In our topsy-turvy world, right-wing and left-wing politics are no longer where they were

RASHMEE ROSHAN LALL May 16, 2017

It’s not just the French election and a presidential candidate who called himself a “radical centrist”.

It’s not just the US where a billionaire running on a Republican Party ticket could claim to be a champion of the working classes.

It’s not just the UK, where a life-long socialist such as Labour Party leader Jeremy Corbyn now seems too internationalist because he represents a metropolitan London constituency rather than an insular, rural bit of England.

In many parts of the world, the right and the left of politics are no longer exactly where they once were. Consider India. Prime Minister Narendra Modi, a Hindu nationalist cheerleader for the freemarket, is increasingly hewing left with price controls on heart stents, airline tickets and suchlike.

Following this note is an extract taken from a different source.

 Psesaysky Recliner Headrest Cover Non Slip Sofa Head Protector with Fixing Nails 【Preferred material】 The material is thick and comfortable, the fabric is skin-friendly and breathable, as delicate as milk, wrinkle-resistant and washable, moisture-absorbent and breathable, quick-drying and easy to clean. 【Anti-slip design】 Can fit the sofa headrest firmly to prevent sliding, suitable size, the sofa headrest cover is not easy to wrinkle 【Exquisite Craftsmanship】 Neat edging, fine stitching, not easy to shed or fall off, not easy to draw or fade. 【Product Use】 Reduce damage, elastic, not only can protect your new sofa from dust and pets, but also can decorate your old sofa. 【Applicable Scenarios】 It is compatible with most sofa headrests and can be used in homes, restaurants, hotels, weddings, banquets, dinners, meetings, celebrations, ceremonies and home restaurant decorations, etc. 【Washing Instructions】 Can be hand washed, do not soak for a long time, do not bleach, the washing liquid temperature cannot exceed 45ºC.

What do you call Mr Modi, who sees a conspiracy against poor people even in illegible prescriptions by medical doctors? He recently said, “Doctors write prescriptions in such a way that poor people do not understand the handwriting, and he has to buy that medicine from private stores at high prices… We will bring in a legal framework by which if a doctor writes a prescription, he has to write in it that it will be enough for patients to buy generic medicine.”

So, what do you call a politician who is instinctively right-wing in his cultural view of the nation-state but tacking over to left-wing class-warrior issues?

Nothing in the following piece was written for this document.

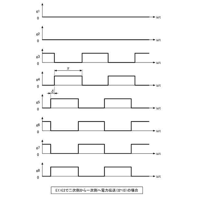 【解決手段】第1レグ11と第2レグ12を有する一次側ブリッジ回路130の直流電圧E1と第3レグ13と第4レグ14を有する二次側ブリッジ回路140の直流電圧E2が相違する条件で、直流電圧の低いブリッジ回路から直流電圧の高いブリッジ回路へ電力を伝送する場合、第1レグから第4レグまでのうち、直流電圧の高いブリッジ回路のいずれか一つのレグの両サイドのアームをオフ状態とし、かつ、残りの各レグの各アームのオン状態とオフ状態を制御する、電力変換装置100。

“An opportunist,” some would say.

Some French pundits think this is no laughing matter. An editorial in La Dépêche du Midi in Toulouse said of far-right Marine Le Pen’s vitriolic insults at the last debate of the presidential campaign: “Through lies and incessant interruptions, striking proof was given last night that it is difficult, if not impossible, to debate with the far right, in conditions of minimal democratic respect.”

But despite that note of certainty, everything isn’t clearcut about the great linguistic conundrum of our shifting political landscape.

(Tomorrow: What’s politics that’s not quite left and not quite right? ‘Light’. )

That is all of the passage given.